# Try it:
Return the following lines and nothing else: the one holding "Otroci Vrtca Podčetrtek, oddelki" and all those after it in the records below, unchanged, minus any pictures.

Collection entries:
^^^^^^^^^^^^^^^^
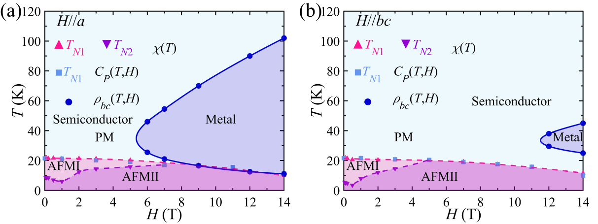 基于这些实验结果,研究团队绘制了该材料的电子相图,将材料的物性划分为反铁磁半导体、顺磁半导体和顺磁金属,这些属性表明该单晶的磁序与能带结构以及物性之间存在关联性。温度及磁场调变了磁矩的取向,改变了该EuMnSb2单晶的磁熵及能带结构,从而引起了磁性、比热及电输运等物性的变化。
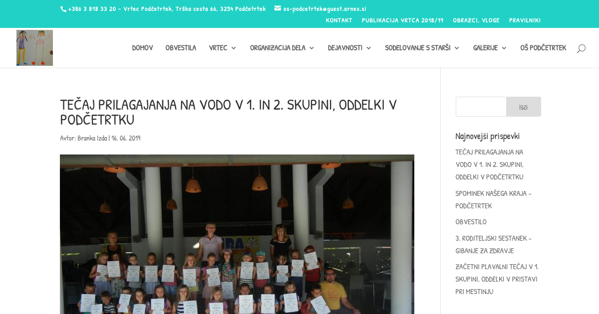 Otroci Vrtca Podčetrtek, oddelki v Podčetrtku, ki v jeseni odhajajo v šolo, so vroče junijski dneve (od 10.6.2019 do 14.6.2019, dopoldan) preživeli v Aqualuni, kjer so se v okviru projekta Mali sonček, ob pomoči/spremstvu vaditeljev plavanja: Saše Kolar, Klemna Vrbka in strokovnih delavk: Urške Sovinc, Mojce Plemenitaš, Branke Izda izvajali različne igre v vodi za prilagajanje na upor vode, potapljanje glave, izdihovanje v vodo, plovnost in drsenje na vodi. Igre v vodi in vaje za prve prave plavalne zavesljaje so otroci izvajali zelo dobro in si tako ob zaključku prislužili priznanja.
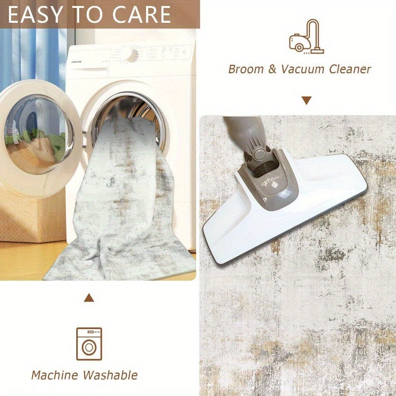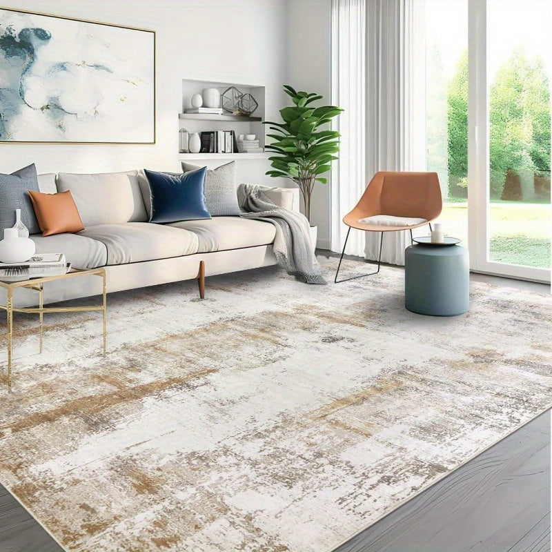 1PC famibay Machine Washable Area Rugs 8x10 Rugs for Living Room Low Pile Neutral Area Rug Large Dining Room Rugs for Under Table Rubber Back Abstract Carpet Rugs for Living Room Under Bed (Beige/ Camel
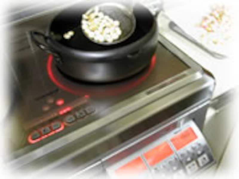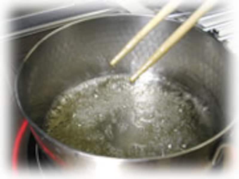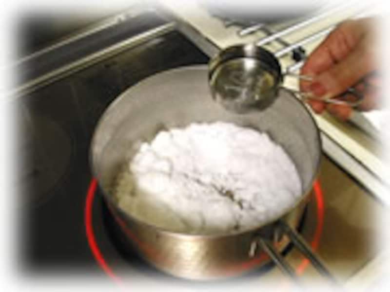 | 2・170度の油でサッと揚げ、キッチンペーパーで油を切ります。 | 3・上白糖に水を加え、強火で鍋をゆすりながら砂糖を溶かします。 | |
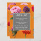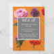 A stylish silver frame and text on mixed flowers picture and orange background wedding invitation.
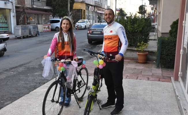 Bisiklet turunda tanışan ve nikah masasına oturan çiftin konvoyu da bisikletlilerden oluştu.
^^^^^^^^^^^^^^^^
# Worked solution:
 Otroci Vrtca Podčetrtek, oddelki v Podčetrtku, ki v jeseni odhajajo v šolo, so vroče junijski dneve (od 10.6.2019 do 14.6.2019, dopoldan) preživeli v Aqualuni, kjer so se v okviru projekta Mali sonček, ob pomoči/spremstvu vaditeljev plavanja: Saše Kolar, Klemna Vrbka in strokovnih delavk: Urške Sovinc, Mojce Plemenitaš, Branke Izda izvajali različne igre v vodi za prilagajanje na upor vode, potapljanje glave, izdihovanje v vodo, plovnost in drsenje na vodi. Igre v vodi in vaje za prve prave plavalne zavesljaje so otroci izvajali zelo dobro in si tako ob zaključku prislužili priznanja.
 1PC famibay Machine Washable Area Rugs 8x10 Rugs for Living Room Low Pile Neutral Area Rug Large Dining Room Rugs for Under Table Rubber Back Abstract Carpet Rugs for Living Room Under Bed (Beige/ Camel
 | 2・170度の油でサッと揚げ、キッチンペーパーで油を切ります。 | 3・上白糖に水を加え、強火で鍋をゆすりながら砂糖を溶かします。 | |
 A stylish silver frame and text on mixed flowers picture and orange background wedding invitation.
 Bisiklet turunda tanışan ve nikah masasına oturan çiftin konvoyu da bisikletlilerden oluştu.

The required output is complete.